Speaking out for the first time since leaving office, Rumsfeld offers a vigorous explanation of his own thoughts and actions about the war and is making available on his website (www.rumsfeld.com) many previously classified or private documents, the Post reported.

Possible lapse in account of Iraq war
According to a New York Times story on the memoir, Rumsfeld says President George W. Bush called him into the Oval Office 15 days after the Sept. 11, 2001 terrorist attacks and "insisted on new military plans for Iraq."

NBC News' Jim Miklaszewski says that according to notes taken in the "tank" at the Pentagon four hours after American Flight 77 hit the building, it was Rumsfeld himself who raised the possibility of attacking Iraq.

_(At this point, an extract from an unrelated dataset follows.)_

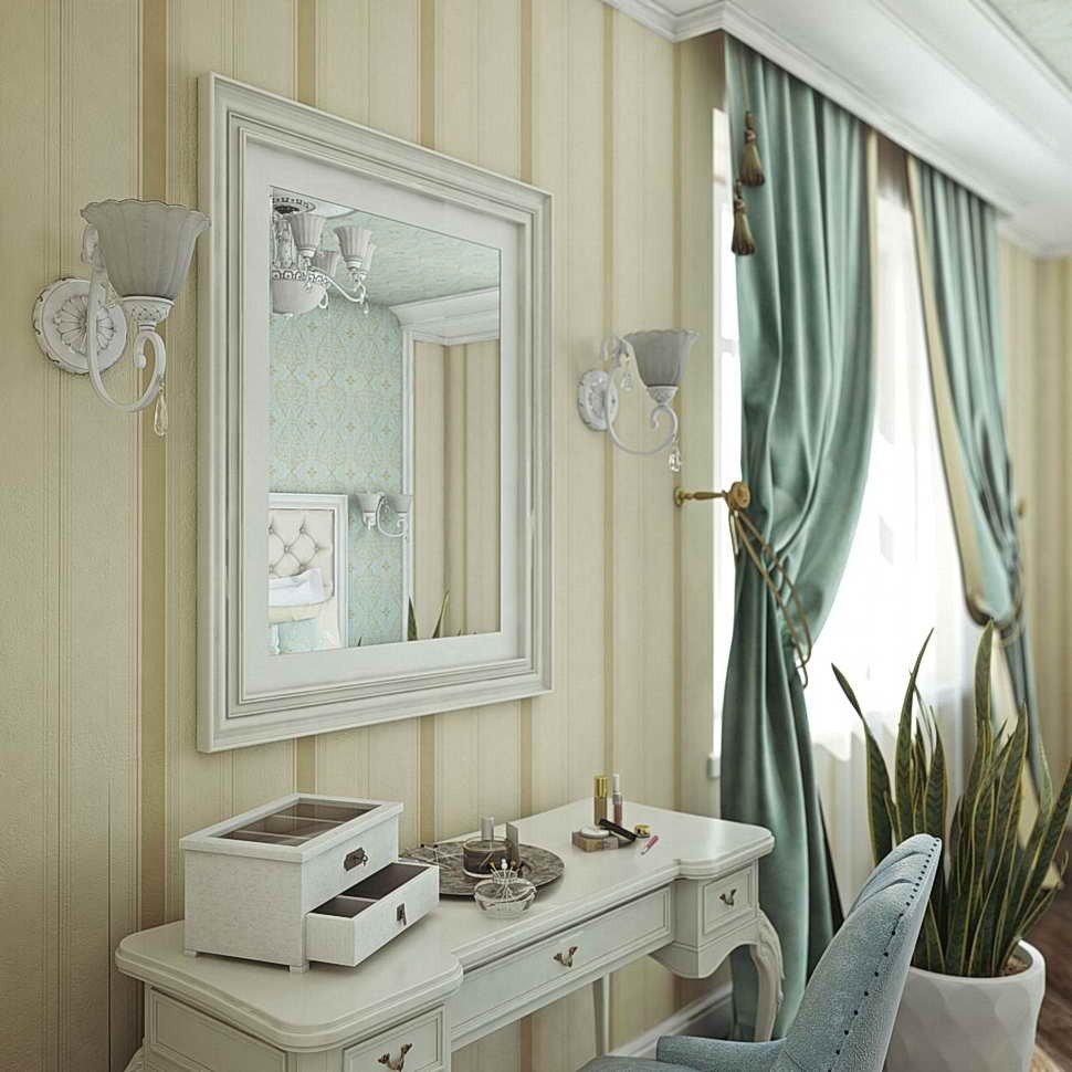 Бра на зеркале в интерьере спальни

At 1:50 p.m., in discussing a "whole range of military operations" and the "annihilation of terrorism" Rumsfeld says: “My interest is to hit Saddam Hussein at the same time, not to look only at UBL (Osama bin Laden).”

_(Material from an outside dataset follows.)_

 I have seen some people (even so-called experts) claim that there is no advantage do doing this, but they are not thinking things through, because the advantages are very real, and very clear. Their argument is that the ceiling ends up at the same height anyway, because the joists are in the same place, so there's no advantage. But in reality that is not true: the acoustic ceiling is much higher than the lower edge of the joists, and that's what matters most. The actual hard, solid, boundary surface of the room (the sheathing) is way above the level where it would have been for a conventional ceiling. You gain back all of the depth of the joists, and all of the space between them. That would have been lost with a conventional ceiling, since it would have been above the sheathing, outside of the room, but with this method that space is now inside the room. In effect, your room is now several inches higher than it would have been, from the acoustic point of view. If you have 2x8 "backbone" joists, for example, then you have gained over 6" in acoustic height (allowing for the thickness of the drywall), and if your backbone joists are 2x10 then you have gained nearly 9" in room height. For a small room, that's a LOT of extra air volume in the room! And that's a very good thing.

Reports of incoherent decision-making, policy drift
Much of Rumsfeld's explanation of what went wrong in the crucial first year of the occupation of Iraq stems from a pre-war failure to manage the post-war political transition when the State Department and Pentagon held vastly different views, the newspaper said.

Rumsfeld depicts Bush as presiding over a national security process that was marked by incoherent decision-making and policy drift, a detriment to the war effort, the Post said.

Rumsfeld suggests that Bush was at fault for not doing more to resolve disagreements among senior advisers.

Bush "did not always receive, and may not have insisted on, a timely consideration of his options before he made a decision, nor did he always receive effective implementation of the decisions he made," Rumsfeld wrote.

Regrets on dealing with detainees
Addressing charges that he failed to provide enough troops for the Iraq war, the former defense chief wrote: "In retrospect, there may have been times when more troops could have helped."

But Rumsfeld insists that if senior military officers had reservations about the size of the invading force, they never informed him, the Post said.

In a lengthy section on the administration's treatment of wartime detainees, Rumsfeld regrets not leaving office in May 2004, after the Abu Ghraib prison scandal erupted, The Washington Post said.

"Looking back, I see there are things the administration could have done differently and better with respect to wartime detention," Rumsfeld acknowledges.